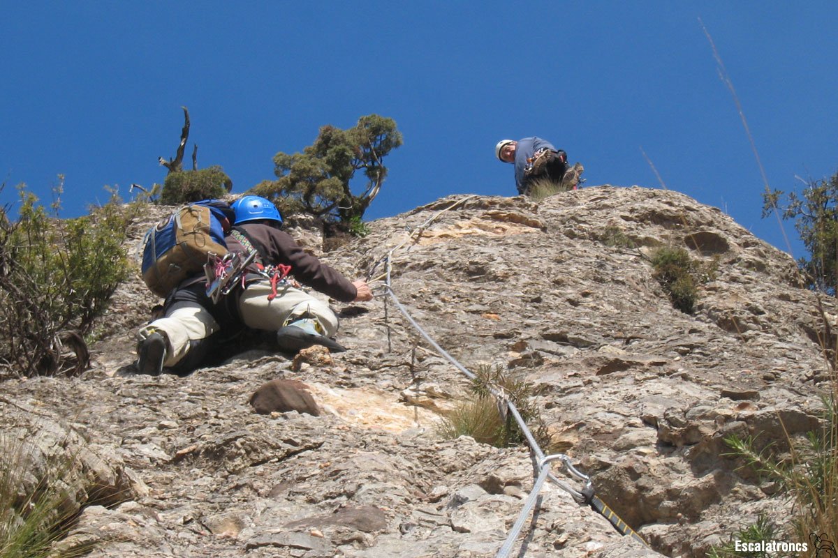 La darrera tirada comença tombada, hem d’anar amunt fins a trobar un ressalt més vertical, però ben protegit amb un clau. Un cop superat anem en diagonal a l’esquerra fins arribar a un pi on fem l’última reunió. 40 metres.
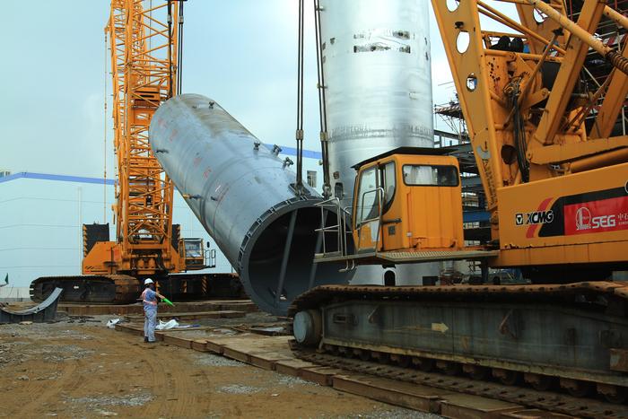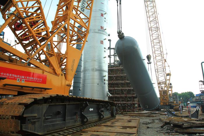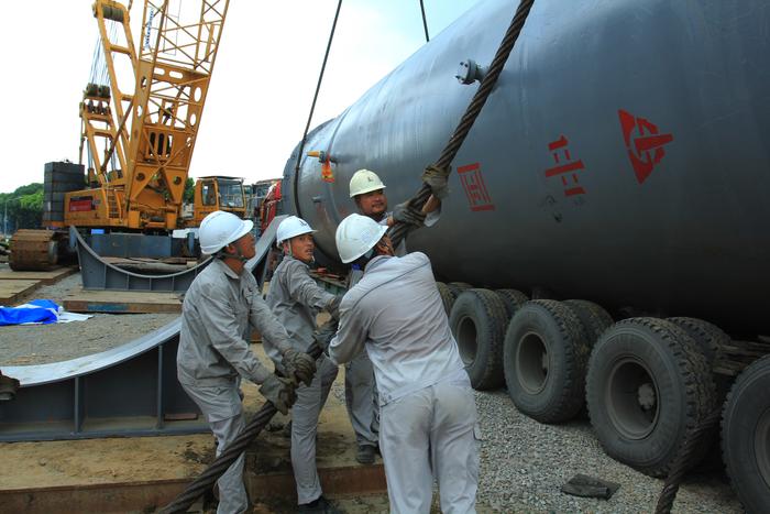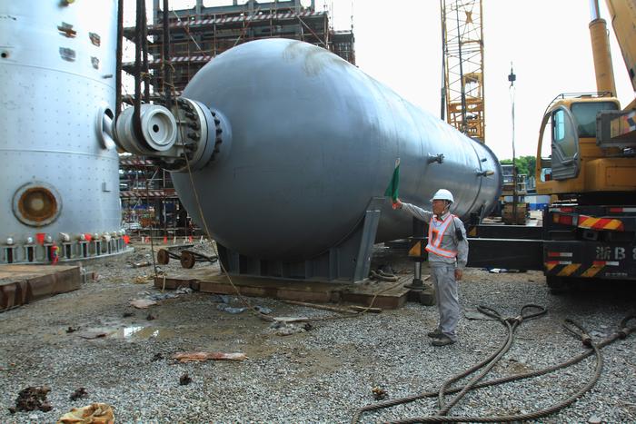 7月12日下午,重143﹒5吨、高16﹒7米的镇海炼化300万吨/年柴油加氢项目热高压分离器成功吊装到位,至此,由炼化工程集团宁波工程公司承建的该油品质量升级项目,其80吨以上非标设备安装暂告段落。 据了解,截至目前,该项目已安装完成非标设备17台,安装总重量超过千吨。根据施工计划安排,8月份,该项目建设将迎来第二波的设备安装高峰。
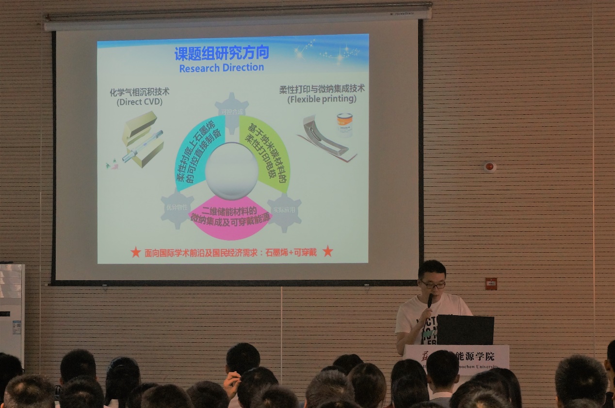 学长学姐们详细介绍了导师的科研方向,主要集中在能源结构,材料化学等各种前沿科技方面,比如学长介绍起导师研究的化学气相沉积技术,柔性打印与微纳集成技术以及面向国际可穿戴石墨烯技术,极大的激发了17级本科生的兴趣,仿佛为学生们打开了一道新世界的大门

######

- To do: Write each line exactly as it appears, from the line that holds "7月12日下午,重143﹒5" through the closing line of the data above, and leave every picture out.

- Answer below:
 7月12日下午,重143﹒5吨、高16﹒7米的镇海炼化300万吨/年柴油加氢项目热高压分离器成功吊装到位,至此,由炼化工程集团宁波工程公司承建的该油品质量升级项目,其80吨以上非标设备安装暂告段落。 据了解,截至目前,该项目已安装完成非标设备17台,安装总重量超过千吨。根据施工计划安排,8月份,该项目建设将迎来第二波的设备安装高峰。
 学长学姐们详细介绍了导师的科研方向,主要集中在能源结构,材料化学等各种前沿科技方面,比如学长介绍起导师研究的化学气相沉积技术,柔性打印与微纳集成技术以及面向国际可穿戴石墨烯技术,极大的激发了17级本科生的兴趣,仿佛为学生们打开了一道新世界的大门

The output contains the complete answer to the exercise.